Provided data:
•••••

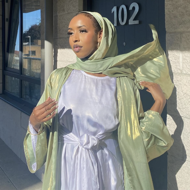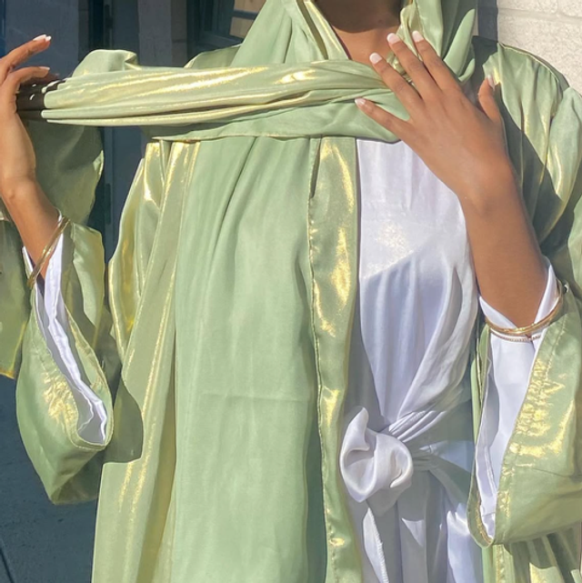 Our Glimmer Silk Abaya is a luxurious and elegant staple, designed to bring radiant flow and effortless sophistication.
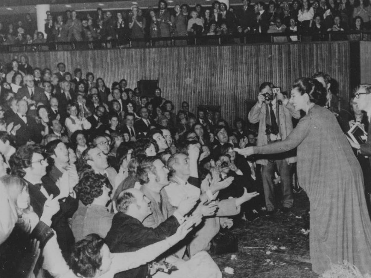 Maria Callas ovationnée après une prestation au Royal Festival Hall à Londres, en 1973, à l'occasion de son cinquantième anniversaire.
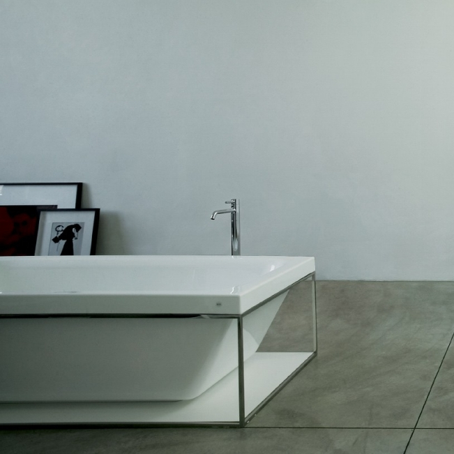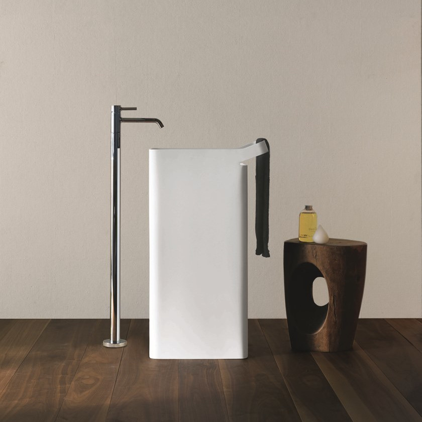 Прямокутні пластини є фоном для функціональних елементів, які є більш циліндричними. Все поєднується з м'якими органічними сполуками. Здаються простими форми перетворюються в вишуканих меблів для ванних кімнат.

•••••

What is needed:
Omit the pictures and print the listing exactly.

Result of the exercise:
 Our Glimmer Silk Abaya is a luxurious and elegant staple, designed to bring radiant flow and effortless sophistication.
 Maria Callas ovationnée après une prestation au Royal Festival Hall à Londres, en 1973, à l'occasion de son cinquantième anniversaire.
 Прямокутні пластини є фоном для функціональних елементів, які є більш циліндричними. Все поєднується з м'якими органічними сполуками. Здаються простими форми перетворюються в вишуканих меблів для ванних кімнат.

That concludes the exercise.